Irish-born Francis Beaufort (1794-1857) was descended from French Protestant Huguenots. He started life as a seaman who kept detailed nautical charts prompted perhaps by the fact that aged 15, he had been shipwrecked due, he claimed, to a faulty chart. While convalescing, Beaufort’s helped his brother-in-law (Richard Edgeworth) to erect a semaphore line between Dublin and Galway.

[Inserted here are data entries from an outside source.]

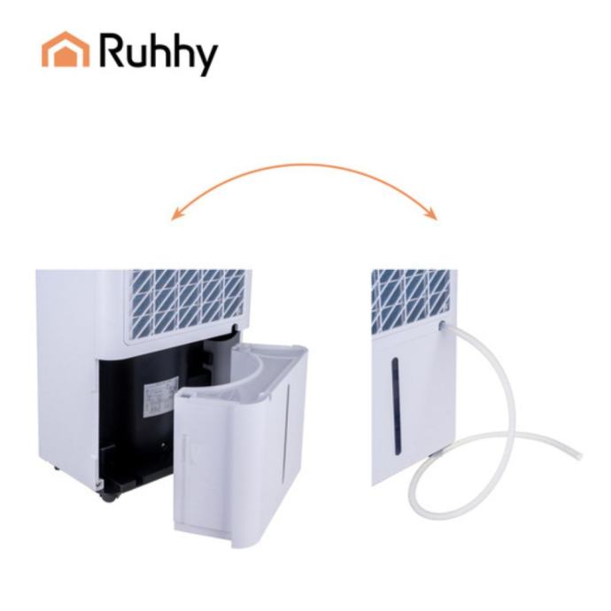 Zahvaljujući ručki i kotačićima, odvlaživač se lako prenosi između prostorija. Dodirna ploča i LCD zaslon omogućuju jednostavno upravljanje, dok timer 1–24 h pruža potpunu kontrolu nad radnim vremenom.
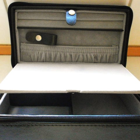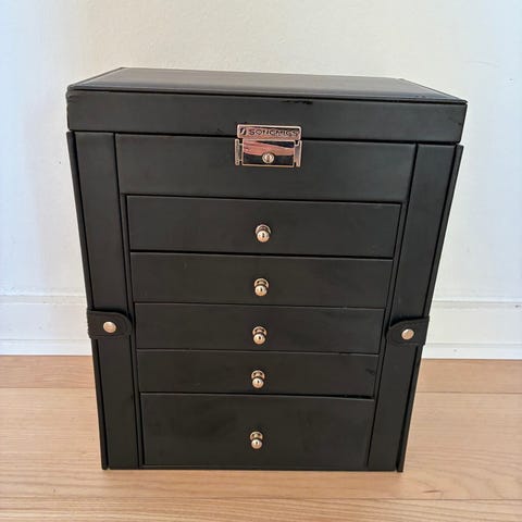 Zara smykkeskrin med spejloverflade, indeholder flere rum til opbevaring af forskellige smykker. Skuffe med polstret sektion til ringe og separate rum til andre smykker.
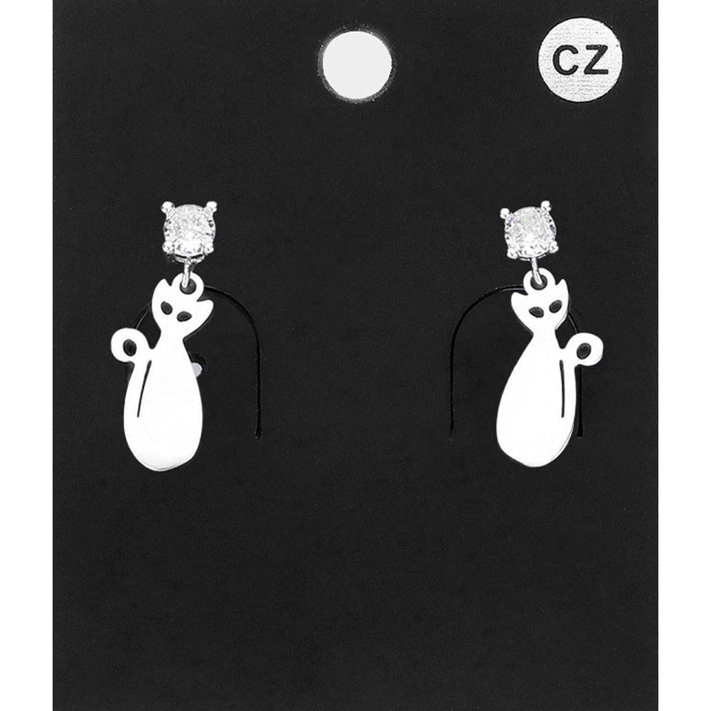 CZ Stone Pointed Cat Plate Dangle Earrings
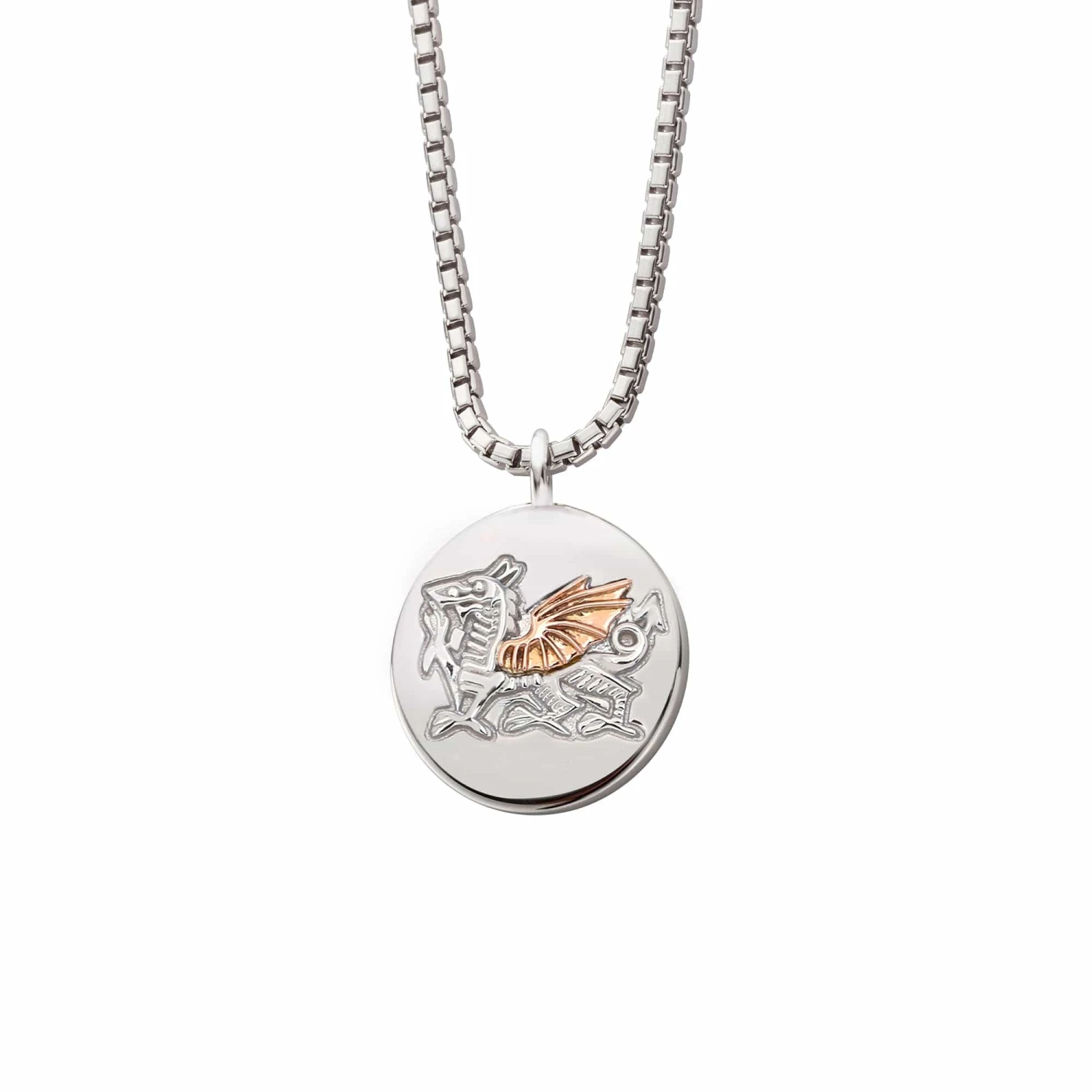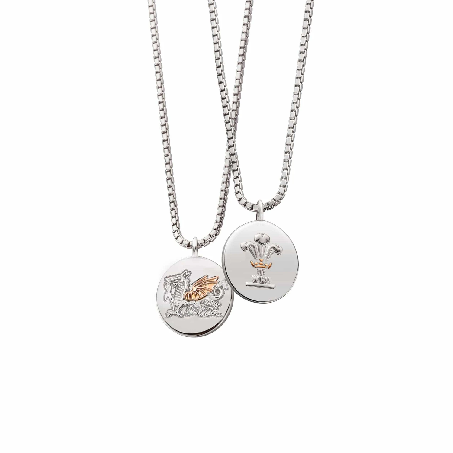 Show your passion and pride for the heroes of the Welsh national men’s and women’s rugby teams with our official WRU Welsh Dragon Silver Pendant, created in partnership with the Welsh Rugby Union. One side of the sterling silver and 9ct rose gold pendant carries the WRU’s famous Prince of Wales feathers logo, while the reverse bears “Y Ddraig Goch” (“the red dragon”). This quintessentially Welsh gift is the ideal celebration of our cultural heritage.

Having returned to a naval life, Beaufort became a fellow of the Royal Astronomical Society in 1829 and, in the same year, was appointed the British Admiralty Hydrographer to the Navy. For this period of Beaufort’s life, Moore relies on Martineau’s obituary. Beaufort is recalled by Harriet, for transforming a forgotten map depot, a location that was ‘small cheerless, out of the way, altogether unfit and inadequate’, into what Moore characterises as ‘a hotbed of ideas and enterprise (p. 88). As Harriet noted in her Sketch, Beaufort was not only a ‘priceless treasure to his country’ but also a ‘benefactor to the world’. Indeed, On 28th December 1838, thirty-two years after it was first jotted down, the Admiralty officially adopted the Beaufort Scale for naval use.
Yet curiously, Harriet’s 18-page biography of Rear-Admiral Sr Francis Beaufort makes no mention of the Beaufort scale. Why?